SPD-Fraktionschef Frank-Walter Steinmeier war zufrieden: Die Regierungsfraktionen hätten „gerade noch einmal die Kurve gekriegt“, sagte er nach dem Treffen im Kanzleramt. Denn am Mittwoch soll nun doch der Bundestag über die neuen Regeln abstimmen, die den Eurorettungsschirm EFSF stärken sollen.
Noch am Freitag war die Opposition mit dieser Forderung am Veto von Union und FDP gescheitert. Nun habe sich die Geschäftsgrundlage geändert, daher sollte sich jetzt der gesamte Bundestag mit den Neuregelungen befassen, begründete Unionsfraktionschef Volker Kauder (CDU) den Schwenk.
Ein höheres Risiko?
Bei der ersten Abstimmung im Parlament war noch kein Hebelmechanismus vorgesehen, durch den der 440 Milliarden Euro schwere Schirm eine größere Schutzwirkung bekommen soll. Nun aber ist die große Frage, ob ein höheres Haftungsrisiko für den Staat durch dem Euro-Hebel eintritt.
Laut Grünen-Fraktionschef Jürgen Trittin wird es zur EFSF-Stärkung nun ein Kombinationsmodell aus Sonderfonds und Versicherung geben. So soll der Rettungsschirm mehr als eine Billion Euro an Hilfsgeldern mobilisieren können, um kriselnde Eurostaaten zu stützen.
Beim letzten Mal gab es 13 „Euro-Rebellen“ bei Schwarz-Gelb
Ob SPD und Grüne am Mittwoch im Bundestag zustimmen, ließen deren Fraktionschefs Frank-Walter Steinmeier und Jürgen Trittin am Montag offen. Denn bis zum Abend lagen noch keine konkreten Eckpunkte vor, wie die neuen Regeln im Detail aussehen. Und so hat die SPD umgehend Bundeskanzlerin Angela Merkel (CDU) aufgefordert, sie möge doch bitte für die Kanzlermehrheit bei der Abstimmung sorgen.

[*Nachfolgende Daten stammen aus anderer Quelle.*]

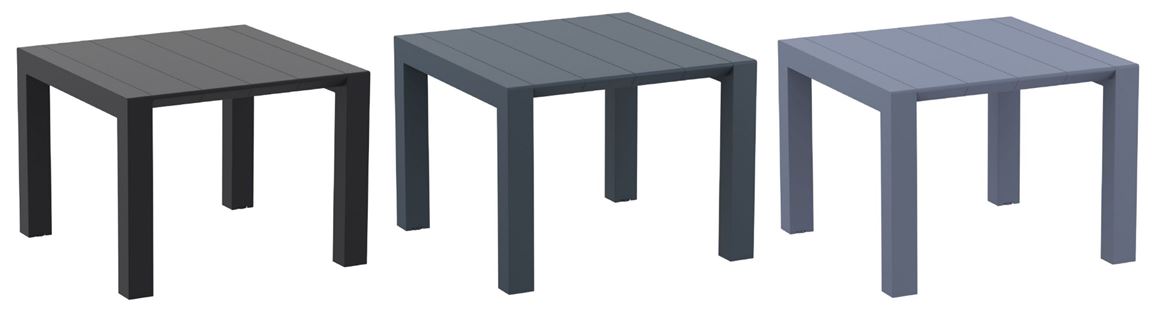 Vegas dining table is extendable in several sizes and colors. Resin top table is made for commercial durability. Practically extendable for accommodating more guests. UV treated. Hose down for cleaning. Withstands summer and winter outdoor temperatures. Made for outdoors.
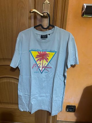 Camiseta mckenzie azul clarito con logo en la parte delantera por el pecho con una palmera en color amarillo y rosa en forma de triángulo talla m en buen estado
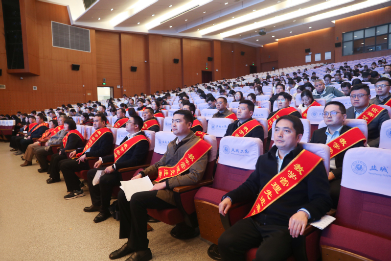 在盐校领导及全体教职工参加大会。
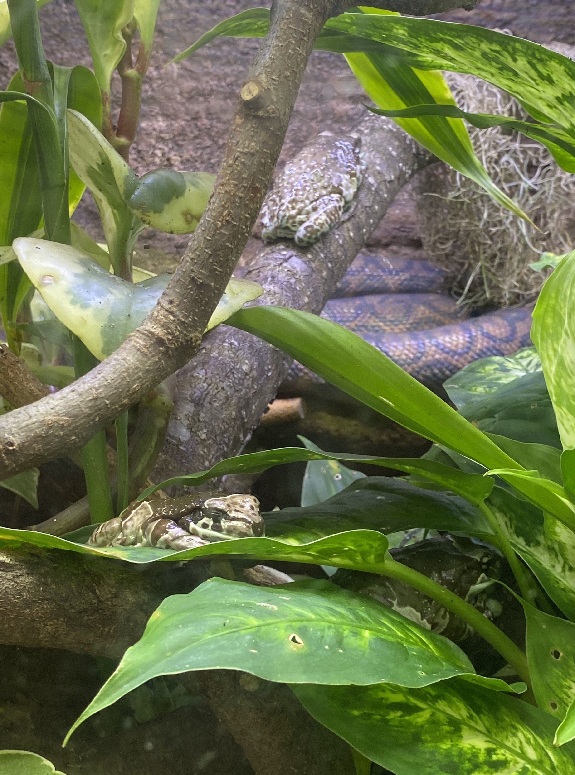 A few Amazon milk frogs and a Brazilian rainbow boa. Credit: The Wheel

Darum muss Merkel nun erneut kämpfen. Die eigene Mehrheit erreicht sie, wenn maximal 19 Abgeordnete aus den eigenen Reihen die neuen Regeln beim EFSF nicht abnicken. Bei der letzten Abstimmung zum Rettungsschirm im September gab es 13 „Euro-Rebellen“, die mit Nein votierten.
Kritiker bleiben hart
Für sie wird es keinen Grund geben, warum sie sich am Mittwoch anders entscheiden sollten. „Ich werde wieder nicht zustimmen“; sagte Klaus-Peter Willsch (CDU) der WAZ. „Das Risiko für den Steuerzahler steigt exponentiell“, sagte Frank Schäffler (FDP) mit Blick auf die Hebelwirkung. Zudem befürchtet er, dass weitere milliardenschwere Euro-Rettungsaktionen nur eine Frage der Zeit sind.

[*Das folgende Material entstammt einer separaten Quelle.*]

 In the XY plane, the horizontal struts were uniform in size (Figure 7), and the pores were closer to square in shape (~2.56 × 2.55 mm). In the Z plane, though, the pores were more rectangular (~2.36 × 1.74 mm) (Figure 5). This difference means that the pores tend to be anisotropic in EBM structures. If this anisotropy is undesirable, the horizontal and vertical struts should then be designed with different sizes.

Wie Trittin nach dem Treffen im Kanzleramt mitteilte, rechnet Merkel mit einem Schuldenschnitt für Griechenland von 50 bis 60 Prozent. Dies sei nur mit einer besseren Kapitalausstattung der Banken möglich. „Die Bundesregierung rechnet mit einem Rekapitalisierungsbedarf für die Banken von 100 Milliarden Euro, das wären für die deutschen Banken etwa 5,5 Milliarden Euro zusätzlich“, sagte Trittin.

18:56
Die Politiker die Konzerne und die Banken,das ist so ein verfilzter Schweinehaufen,wenn man die alle in den Knast werfen würde,hätten wir zu wenig Zellen,deshalb machen sie immer so weiter!!
15:07
@34 von B.Schmitz
Was passiert, wenn Frau Merkel die Euro-Frage mit der Vertrauensfrage verbindet, hat uns doch die Slowakei vorgemacht. Dann wird die Regierung gestürzt, und die neue Regierung stimmt dann doch für den Rettungsschirm.

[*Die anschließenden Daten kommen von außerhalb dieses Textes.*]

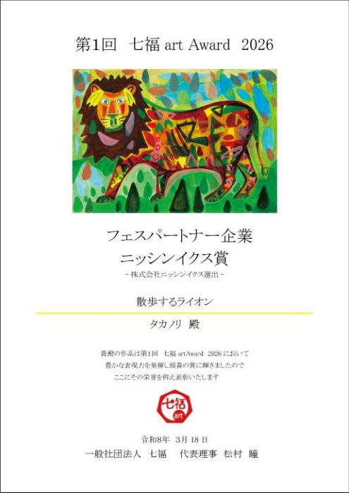 【第1回 七福artアワード 2026】フェスパートナー企業として「ニッシンイクス賞」を選出・授与いたしました
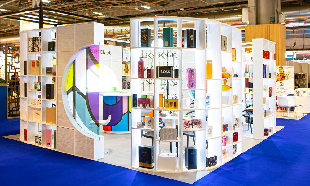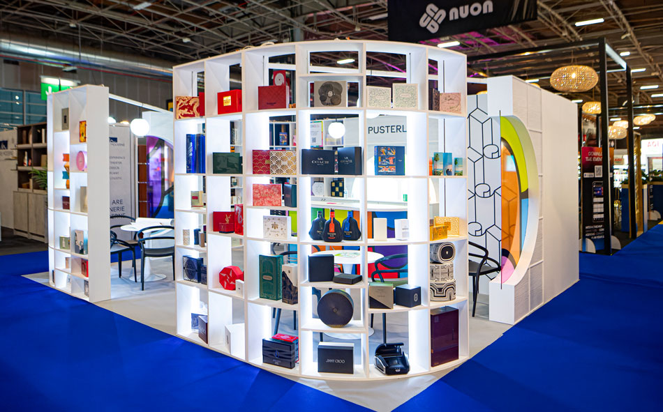 L’architecture épurée révèle le savoir-faire historique de la maison à travers des jeux de volumes, de matières nobles et de transparences maîtrisées. Chaque détail scénographique a été pensé pour sublimer l’excellence des emballages et traduire l’engagement durable qui définit Pusterla.
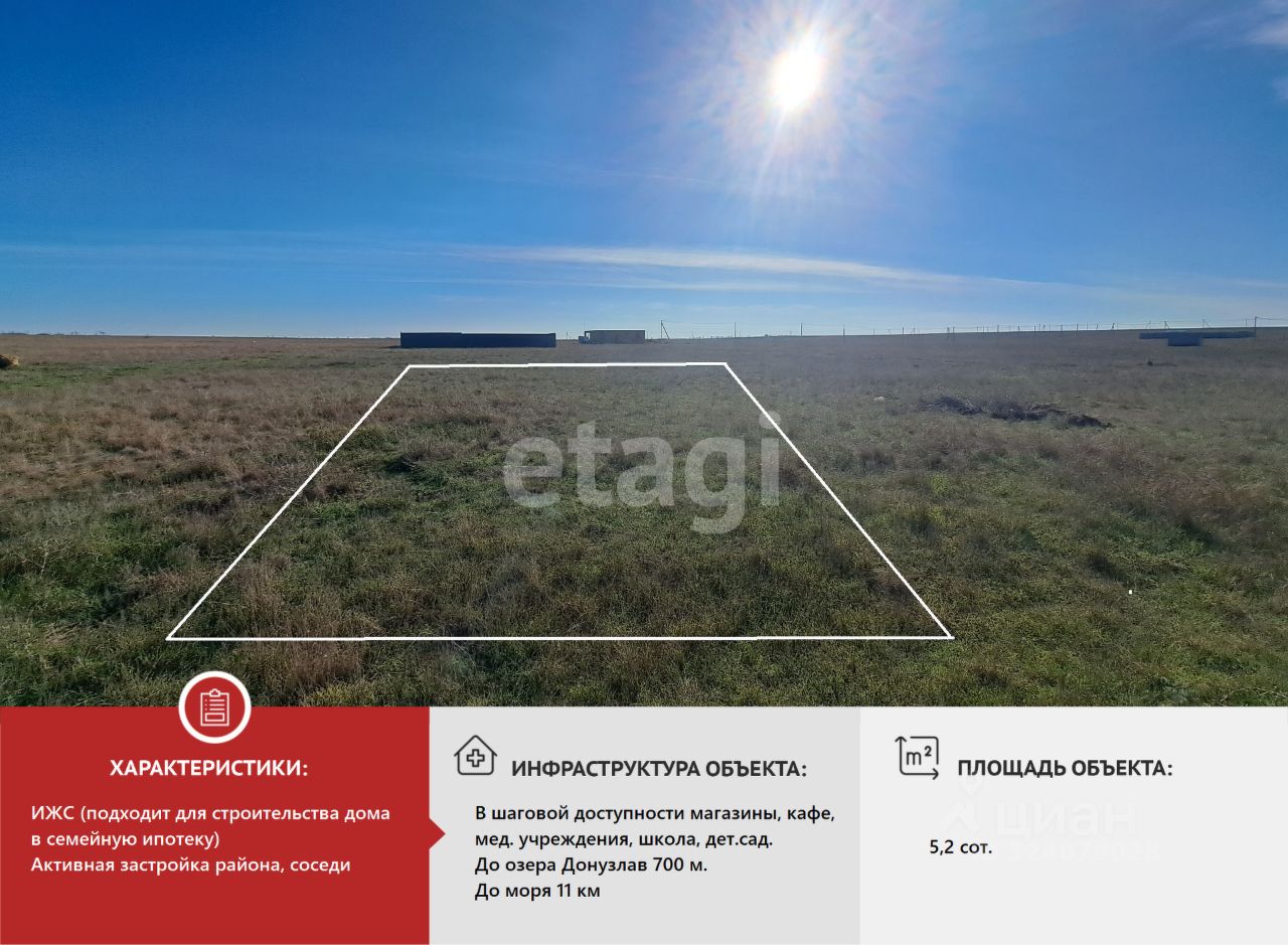Участок предназначен для индивидуального жилищного строительства с возможностью постоянной прописки или сезонного отдыха. Ровная территория правильной формы с проведённым межеванием полностью готова к строительству — ничего не нужно выравнивать. Участок расположен в новом массиве всего из 200 наделов в пгт Новоозерное с евпаторийской пропиской, что даёт право на посещение детских садов и школ г. Евпатория.
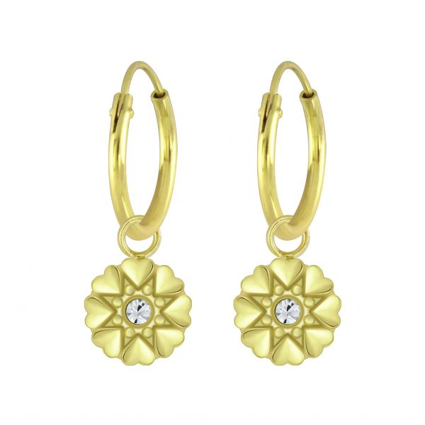 Silver Flower Crystal Charm Hoop Earrings

Nicht, dass ich etwas dagegen hätte, wenn Frau Merkel stürzen würde, aber für die Sache ist es relativ egal, wer regiert.
13:43
Hoffentlich bekommt sie die Mehrheit nicht. Die Veruntreuung unserer Steuergelder muss ein Ende haben. Merkel soll endlich die Vertrauensfrage stellen und von der Bildfläche verschwinden. Der sprechende Hosenanzug hat vor 3 Jahren gesagt, dass so etwas nie wieder passiert und was ist jetzt? Jetzt ist alles nur noch schlimmer. Nach Griechenland folgt Italien, Spanien, Frankreich und wenn alle unser Geld haben, ist Deutschland dran. Und wer rettet dann Deutschland? Der Euro ist am Ende. Die EU braucht kein Mensch. Man muss sich doch nur diese Flachpfeifen dort ansehen. Da sitzt wohl nur die Ausschußware die in ihrer eigenen Ländern als Politiker nichts geregelt bekommen haben.
13:38
Der Beitrag #12 Bürger99
fasst die ganze AUsweglosigkeit zusammen.
13:32
#27 dummmberger
Danke für`s auten.
13:04
Man darf gespannt sein, auf die Reaktionen von Kanzleramtsminister Pofalla, sollte diese Abstimmung nicht seinen Vorstellungen entsprechen.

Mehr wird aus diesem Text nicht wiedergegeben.